EXERCISE DIRECTIONS:
Return the lines that run from the beginning of the entries to the line holding "Джон Хиггинс (Шотландия)", inclusive, and drop the pictures.
** SUPPLIED DATA follows **
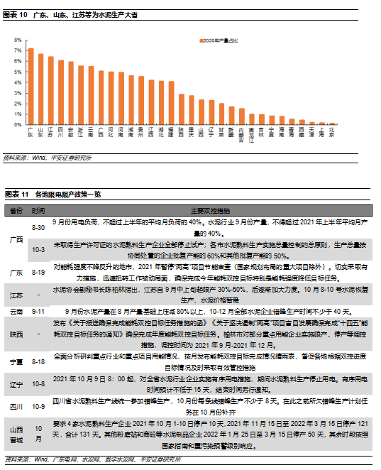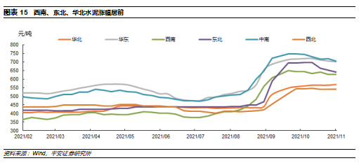 分区域看,西南、东北、华北水泥涨幅居前,与限电限产力度相一致。截至11月26日,五大区域42.5级袋装普通水泥价格涨幅分别为西南66%、东北54%、华北32%、中南31%、华东28%、西北25%,区域涨幅与限电限产力度基本一致。
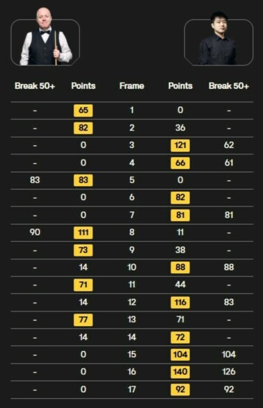Джон Хиггинс (Шотландия) – Чжао Синьтун (Китай) – 7:10
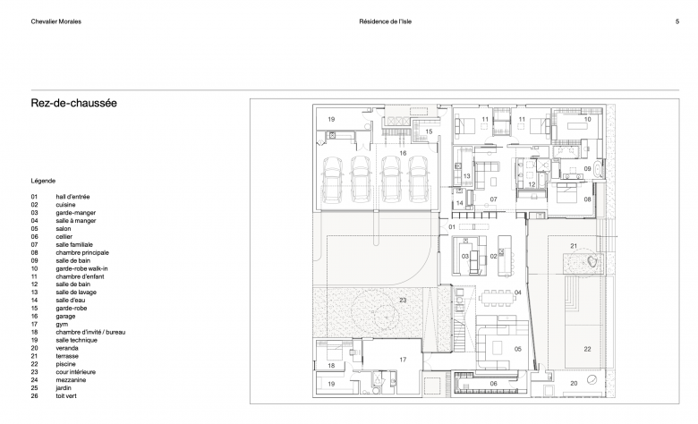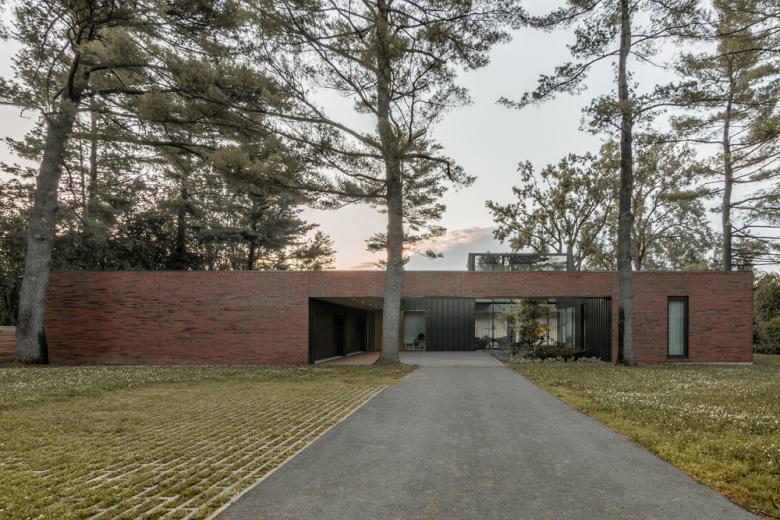 Designed for a couple and their two children, the Residence de l'Isle is a reinterpretation of modern American houses of the mid-20th century. This single-family home, built on the banks of a river, in the northern suburbs of Montreal, is the result of an architectural conversation with the design work of the architects of that era. Hidden behind a row of tall, mature pines, its siting allows the existing natural vegetation to become an integral part of the project while optimizing the views towards the water.
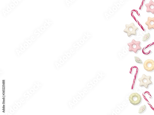 Fototapeta premium Candy canes and meringue on the right side of the frame on a white isolated...
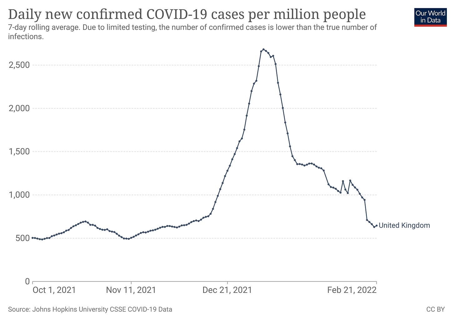 Even so, the empirical backdrop in the UK is that COVID-19 cases have been declining since the new year. BA.2 outcompeting BA.1 at this juncture means only that it is fading more slowly than BA.1.
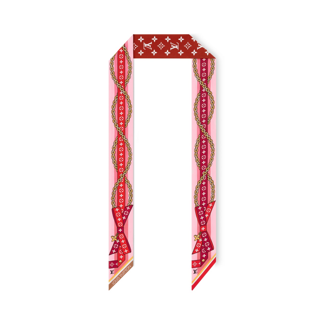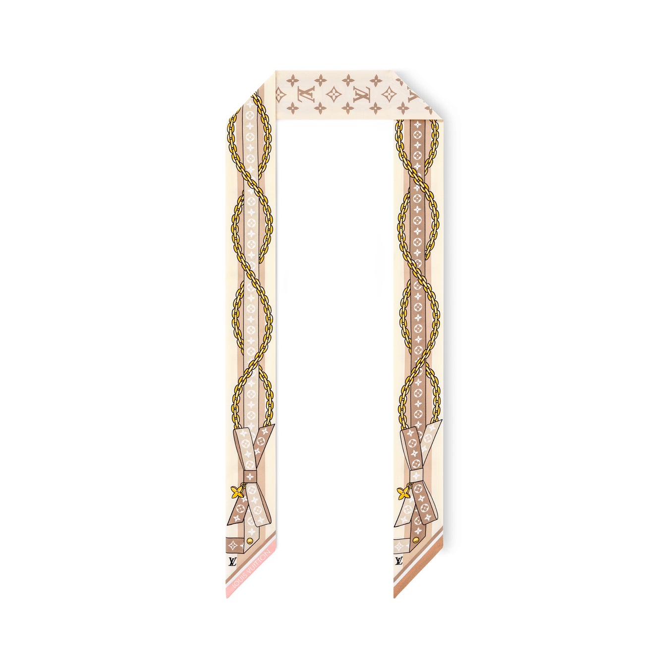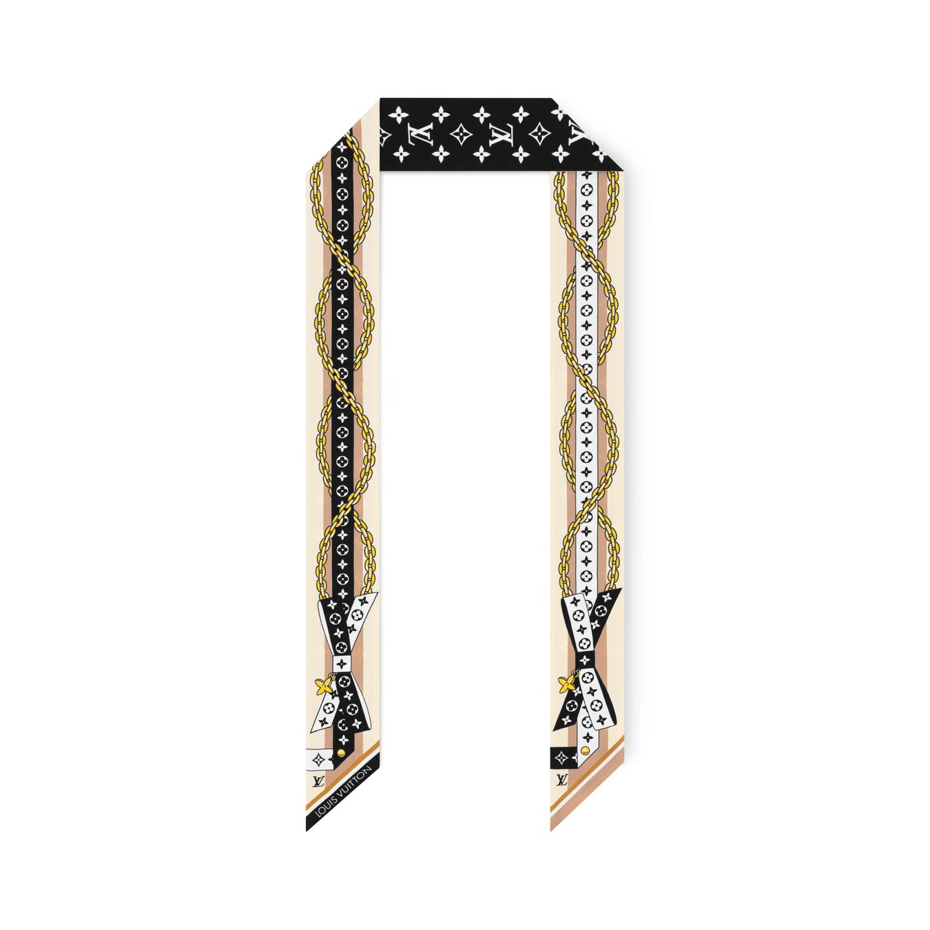 「バンドーBB·LV ボウ」は、アーティスティックなプリントには、細いリンクチェーンと絡み合いながらエレガントに結ばれた、モノグラム·フラワーのリボンが描かれています。首元や手首に巻いたり、バッグのハンドルに彩りを添えるのにぴったりの、あらゆる装いに上品なアクセントを加えるカラフルなアクセサリーです。
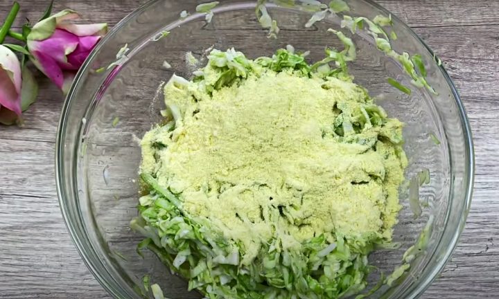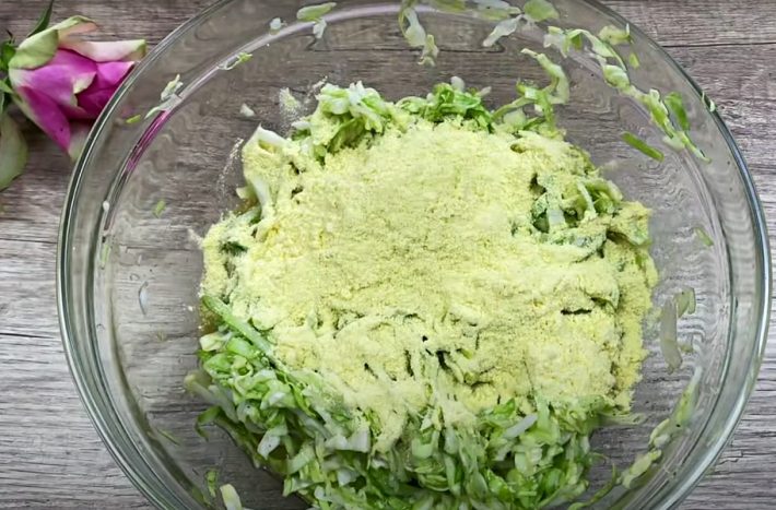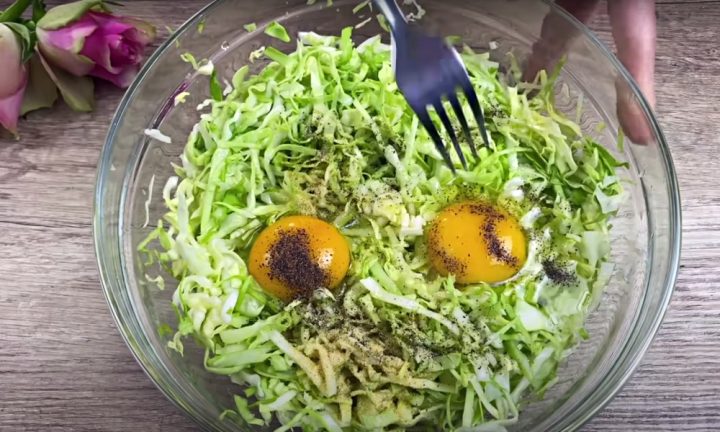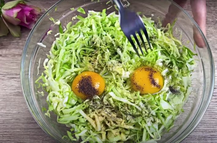 K zelí přidejte dvě vejce, mletý černý pepř a sušený česnek a důkladně promíchejte, aby se všechno zelí obalilo vajíčkem. Přisypejte kukuřičnou mouku a znovu promíchejte, čímž získáte soudržné těsto.
** End of SUPPLIED DATA **
TASK OUTPUT:
 分区域看,西南、东北、华北水泥涨幅居前,与限电限产力度相一致。截至11月26日,五大区域42.5级袋装普通水泥价格涨幅分别为西南66%、东北54%、华北32%、中南31%、华东28%、西北25%,区域涨幅与限电限产力度基本一致。
Джон Хиггинс (Шотландия) – Чжао Синьтун (Китай) – 7:10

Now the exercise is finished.